Through sensual and interwoven stories, Moon Tide explores the secret workings of the heart—the violence of desire and memory, the redemptive power of longing—matched against society’s rules of class and the unpredictable tempers of the natural world.
At the center of the novel is Eve, who takes refuge in silence and art after the death of her mother. Eve can sense how the past nips at the heels of the living, and her ethereal beauty inspires a quiet passion in Jake, the son of a local stonemason. For Elizabeth, Eve’s wealthy, eccentric grandmother, one summer at Westport Point extends into a lifetime. She stays on in the town year-round, building a great library in her house for the cold New England winters, haunted by the Ireland of her youth and by one man’s doomed obsession with nature. And then there is Maggie, the exotic stranger with a peculiar clairvoyance. Maggie lives in the precarious space between the locals and the rich—a balance that is ultimately compromised by Wes, a ruthless rum-smuggler, whose desire for her triggers small cruelties and then a staggering act of violence.

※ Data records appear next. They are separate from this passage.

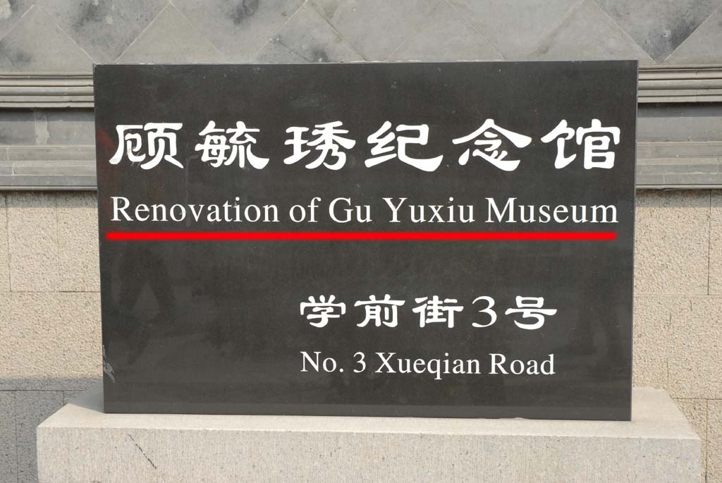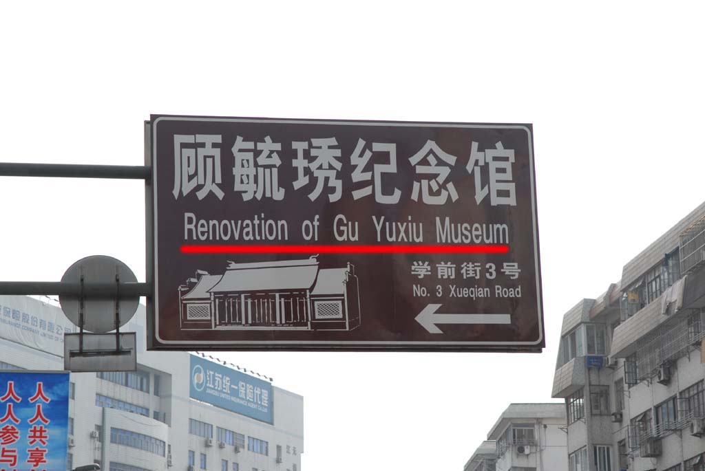 且看"顧毓秀紀念館"的翻譯: Renovation of Gu Yuxiu Museum. 稍有英語語法知識的人都能看出其中蹊蹺, 一前輩的紀念館與"革新(Renovation)"有甚相關?便算相關吧,這"對博物館之革新(Renovation of Museum)"又是何意?也難怪老外們行經此處時搖頭大呼看不明白了.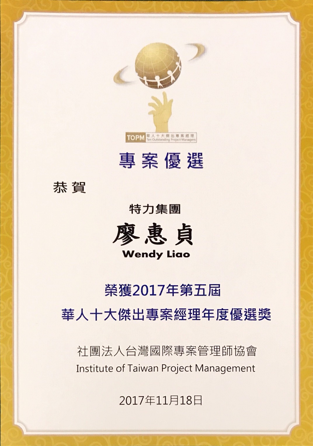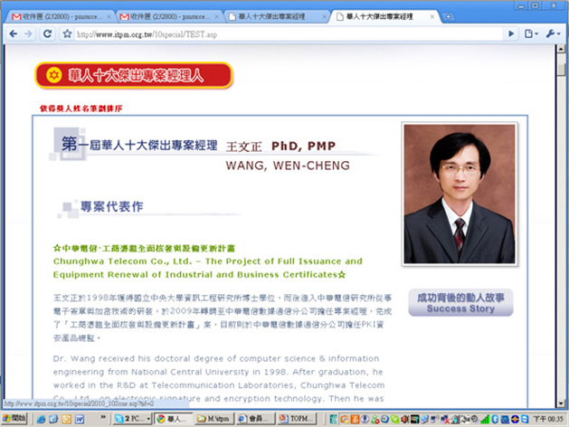 1.稀有性:目前全球有40萬位華人PMP, 但是得到華人十大傑出專案經理獎一屆僅有10位.。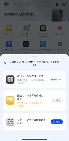 実際にUGREENのNASをセットアップすると分かるが、スマホ用の「UGREEN NAS」アプリでは、画面を進めていくだけで、リモートアクセスが自動的に構成されるし、基本設定完了後に必要な作業(ボリュームの作成、共有フォルダの作成)などがガイドとして表示される。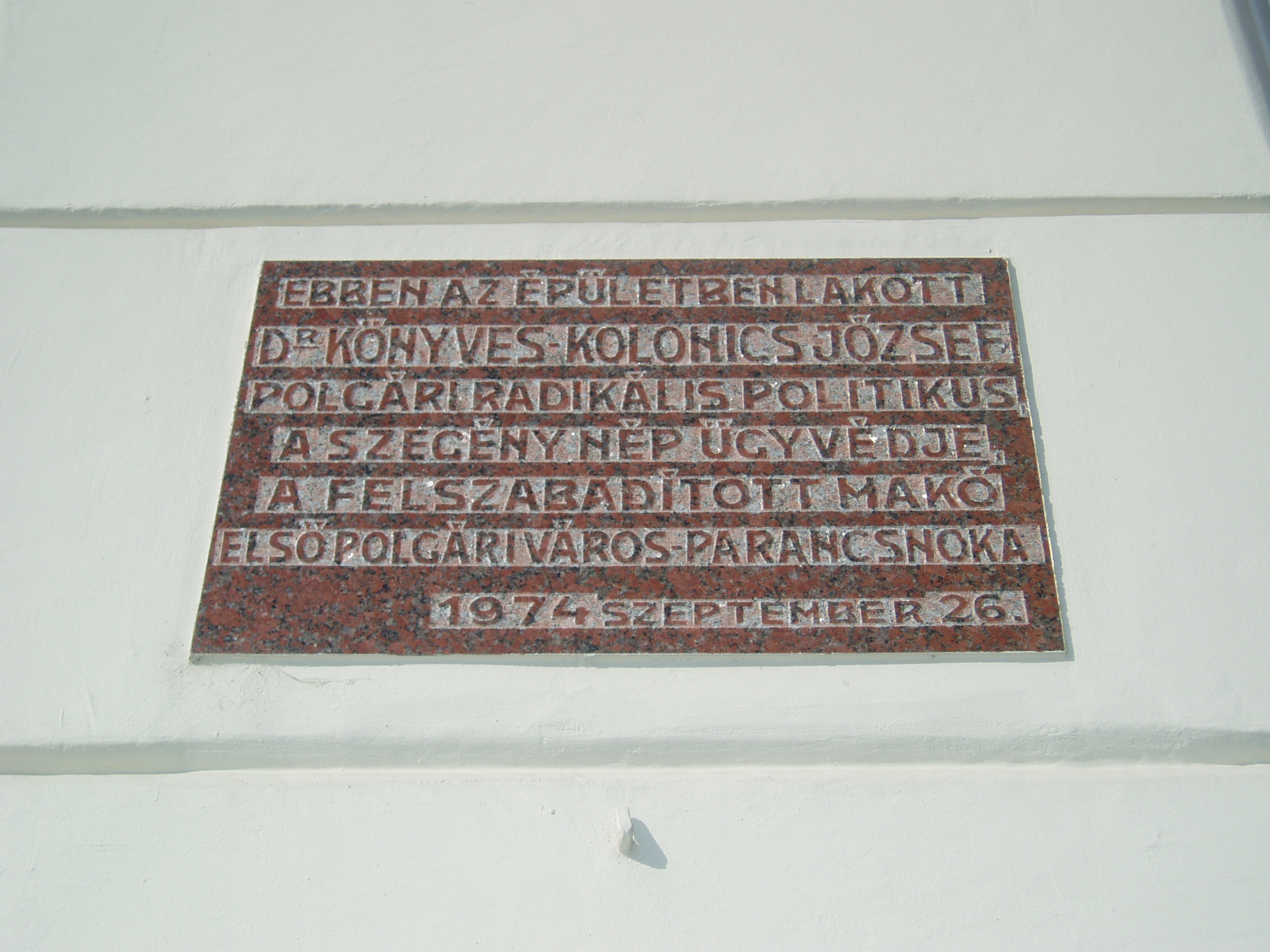 Nyilvános 1394 | 1856 | Makó, József Attila utca 2. | Ebben a házban lakott Könyves Kolonics József (1884-1955) polgári radikális politikus, a szegények ügyvédje, 1945 után Makó első polgári városparancsnoka. Emléktábláját születésnek 90. évfordulóján állították. A fénykép 2007 júliusában készült. |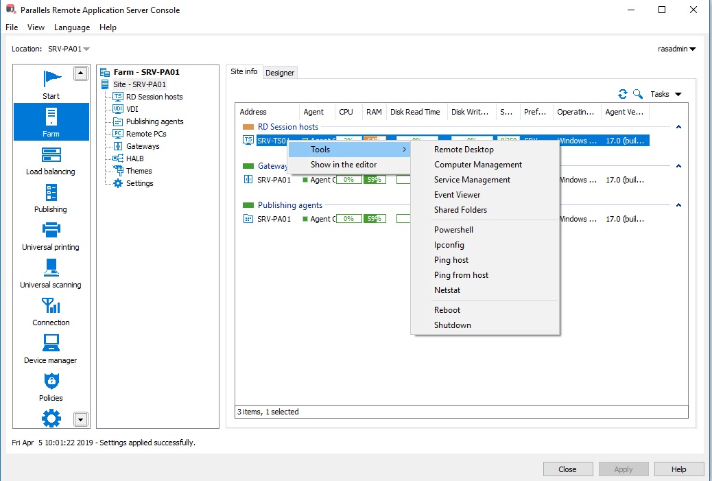 To access the Tools menu, select a server in the Parallels RAS Console and then click Tasks (or right-click) > Tools.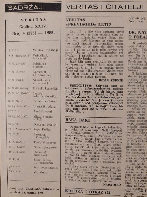 VERITAS - Revija sv. Antuna Padovanskoga / Br. 4. - 1985.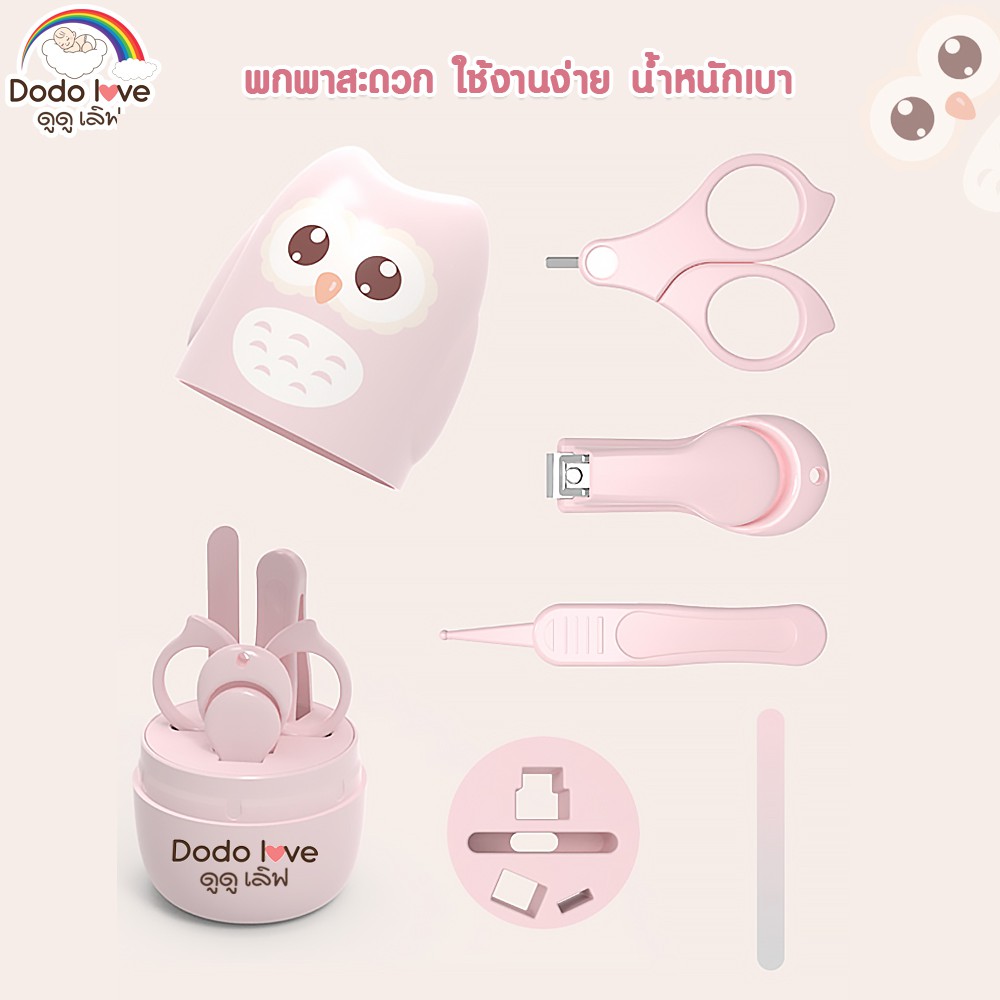 DODOLOVE ชุดกรรไกรตัดเล็บเด็กเล็ก 4 ชิ้น กรรไกรตัดเล็บ แหนบ ตะไบ กรรไกร หัวสั้น

With lyrical prose, wisdom, and insight, Dawn Clifton Tripp maps the shifting tensions in a small town on the verge of change. Like the growing weight of a storm, the lives in Westport Point build in emotional momentum even as the Great Hur-ricane approaches, and the landscape of the earth comes to reflect the geography of the mind. A novel of love and loss, survival and revelation, Moon Tide is an extraordinary debut.